The agreement to be sought from Brexit, he said, will be "ambitious", and one of the principles of this agreement will be the deepest possible free trade. He referred to the unique nature of the negotiations and to laws which are common to the UK and other EU member states. These are laws "that we respect".

Although the UK will be leaving the EU, he insisted that the UK wants to see a strong and successful post-Brexit EU. "This is in our interests." He again emphasised the priority of protecting citizens' rights and those of businesses, while acknowledging that relationships will be different. But the UK will still be "a neighbour and the European Union's best friend".

There are few countries in the EU, he observed, where the relationship with the UK is stronger than with Spain. The ambassador said that he was proud "to represent my Queen (whose birthday was mentioned) and my country" in promoting this relationship.

Among the audience were businesspeople whose interests lie firmly with tourism. Manley pointed out that almost eighteen million UK tourists came to Spain in 2016 and that already this year the figure has risen by 15%. This will continue to rise, he believed, so long as it remains easy to travel.

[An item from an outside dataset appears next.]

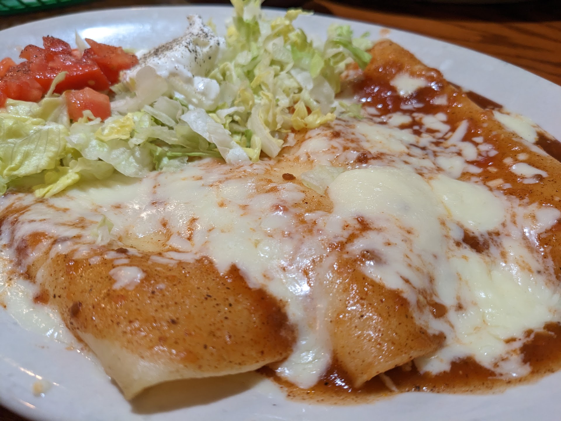 Read moreI would have a hard time finding something bad to say about the food or the one guy who was serving the entire restaurant. I went on Thursday night which coincidentally turned out to be enchilada night, exactly what I was planning to order. I tried to order two enchiladas, one with chicken and cheese and the other with cheese and beans. Somehow it came back as just a cheese enchilada and a chicken enchilada. No big deal. They were both very good. They don't have draft beer at the restaurant. I was really hoping I could get one of the standard Mexican beers on tap. When I got there, the place only had a handful of tables being used. About the time I left, a huge group of mostly young men came in and the restaurant turned into more of a frat party than a restaurant. The prices at this restaurant are very good. Not at all expensive. I believe they give you a discount if you pay cash too. I will definitely go there again. I'm not sure if I would eat there, but it certainly is a good place for takeout. The guy who was waiting all the tables deserves credit too, for handling all those people by himself pretty much. Every now and then the cook would come out but mostly the main guy was on his own. Nice guy. Good place. Just be prepared...
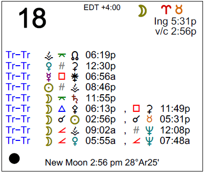 - A New Moon occurs in the sign of Aries at 2:56 PM.

On his role, he said that as ambassador he will act in supporting the negotiations with Brussels and alluded to bilateral relationships being formed on "human, cultural and commercial" bases. With reference once more to the relationship between the UK and Spain and to the countries' common interests, he referred to "two great nations that look to the outside world".

Following the speech, the ambassador took questions from the audience. On passports, as in a Briton applying for Spanish nationality/passport but keeping a UK passport, he noted that there are differences in attitude between the UK and Spain in this regard. However, he considered that the best response to such a question and the best way to resolve anxieties will be to get the right deal that will be reciprocal with the 27 member states: a deal "that respects all current rights in order to ensure legal continuity".

Regarding possible taxes on export in the future, Manley conceded that he was not in a position to give a specific answer. Instead, he reiterated the principle of free trade and of no barriers, and so therefore there not being taxes. It will be important, he concluded, to "preserve the vibrancy of economic ties that we have at present".